[Source records]
[Start of section]
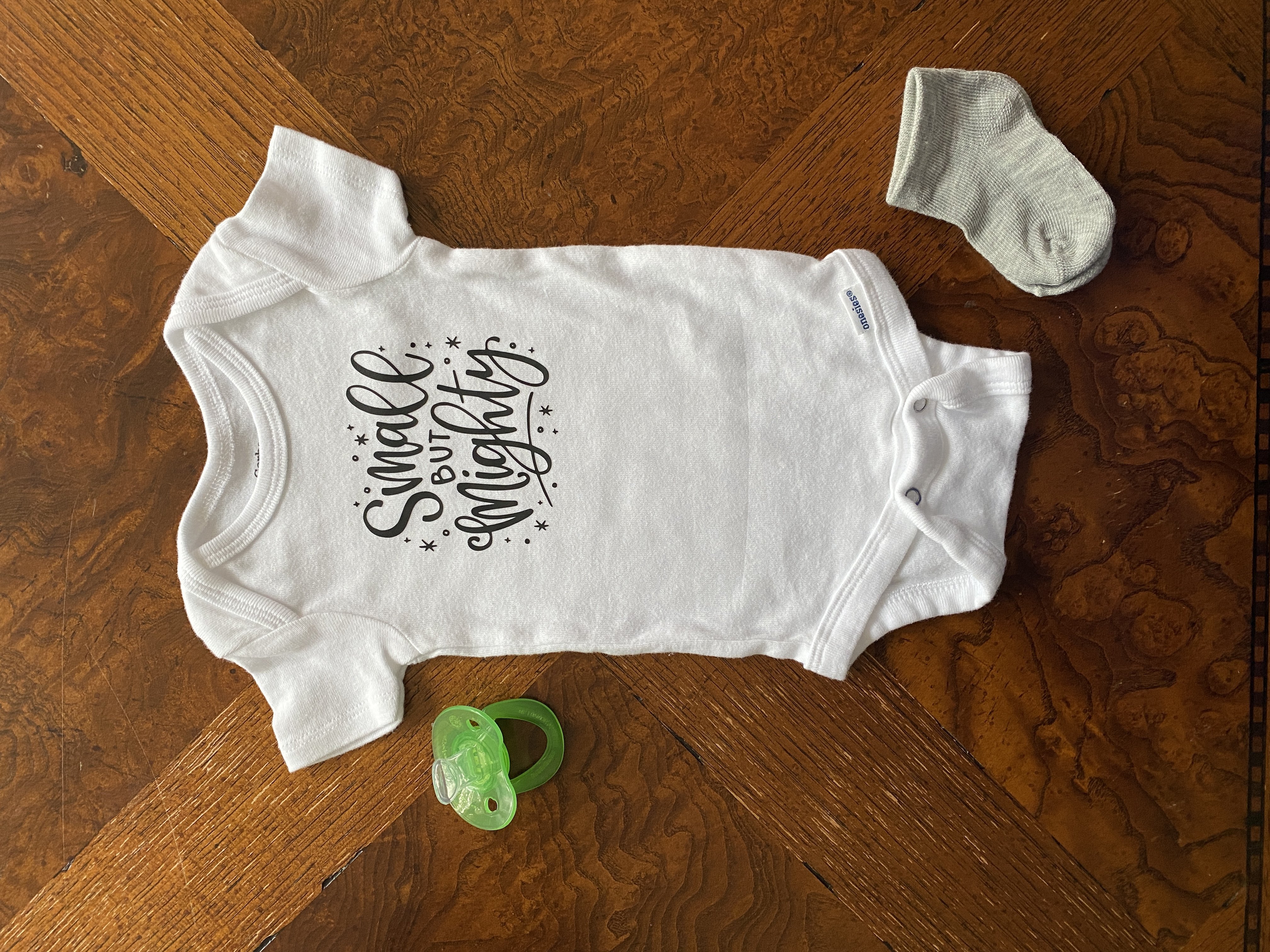 This is a hand lettered cut file. It reads, "Small But Mighty."
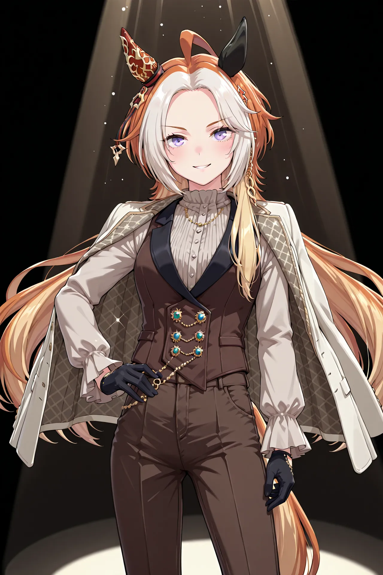 horse ears,animal ears,horse girl,multicolored hair,long hair,ahoge,white hair,purple eyes,blue eyes,ear ornament,
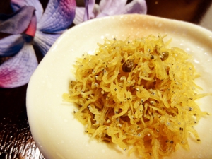 - ひと口ほおばると、小ぶりのおじゃこと、ピリッとしたアクセントの山椒の実を
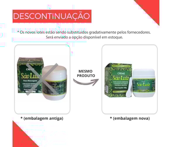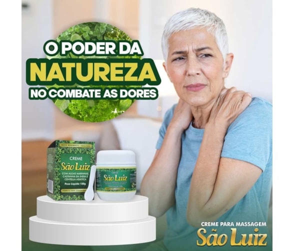 São Luiz é um creme para massagem natural composto por 7 ervas (Arnica, Centella Asiática, Algas Marinhas, Castanha da India, Óleo de Melaleuca, Própolis e Confrei) que produz intensa e agradável sensação de bem-estar, relaxamento e conforto nas regiões aplicadas. São Luiz esta no mercado a quase 30 anos e conta com mais de 2 milhões de clientes satisfeitos que usam e indicam o produto. Possui uma fragrância leve e agradável além de uma ótima absorção na pele. Este creme é composto por extratos naturais importados. Destinado a aliviar dores físicas, em especial, dores lombares, nos membros e articulações sendo indicado, também, para a solução de pequenas dores musculares.
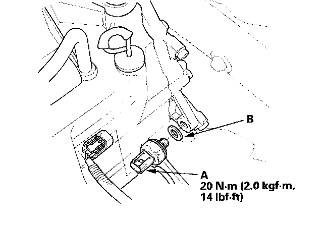 2. Remove the 3rd clutch pressure switch and use a new sealing washer (B). Tighten the switch on the metal part, not the plastic part.
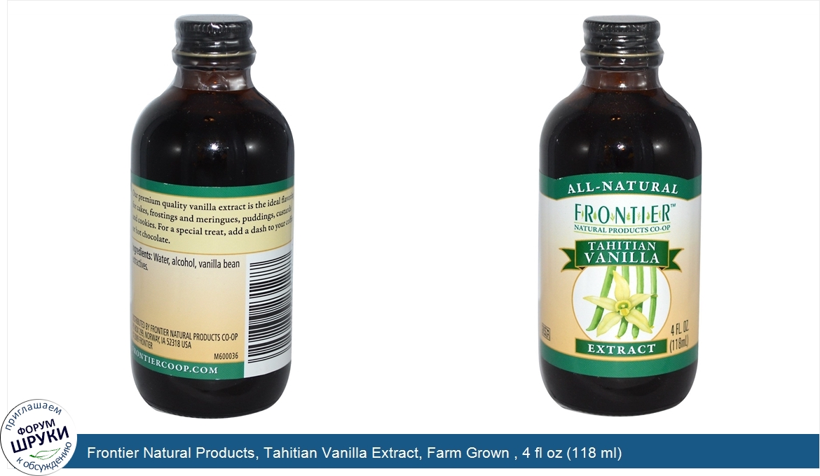 Друзья, если у вас есть отзыв/дополнение/комментарий/вопрос относительно Frontier Natural Products, Tahitian Vanilla Extract, Farm Grown , 4 fl oz (118 ml) - напишите его ответом в эту тему (это будет полезно всему сообществу в целом и вам в отдельности).
[End of section]
What is being asked: Output each record above exactly; omit the images.

Result of this exercise:
 This is a hand lettered cut file. It reads, "Small But Mighty."
 horse ears,animal ears,horse girl,multicolored hair,long hair,ahoge,white hair,purple eyes,blue eyes,ear ornament,
 - ひと口ほおばると、小ぶりのおじゃこと、ピリッとしたアクセントの山椒の実を
 São Luiz é um creme para massagem natural composto por 7 ervas (Arnica, Centella Asiática, Algas Marinhas, Castanha da India, Óleo de Melaleuca, Própolis e Confrei) que produz intensa e agradável sensação de bem-estar, relaxamento e conforto nas regiões aplicadas. São Luiz esta no mercado a quase 30 anos e conta com mais de 2 milhões de clientes satisfeitos que usam e indicam o produto. Possui uma fragrância leve e agradável além de uma ótima absorção na pele. Este creme é composto por extratos naturais importados. Destinado a aliviar dores físicas, em especial, dores lombares, nos membros e articulações sendo indicado, também, para a solução de pequenas dores musculares.
 2. Remove the 3rd clutch pressure switch and use a new sealing washer (B). Tighten the switch on the metal part, not the plastic part.
 Друзья, если у вас есть отзыв/дополнение/комментарий/вопрос относительно Frontier Natural Products, Tahitian Vanilla Extract, Farm Grown , 4 fl oz (118 ml) - напишите его ответом в эту тему (это будет полезно всему сообществу в целом и вам в отдельности).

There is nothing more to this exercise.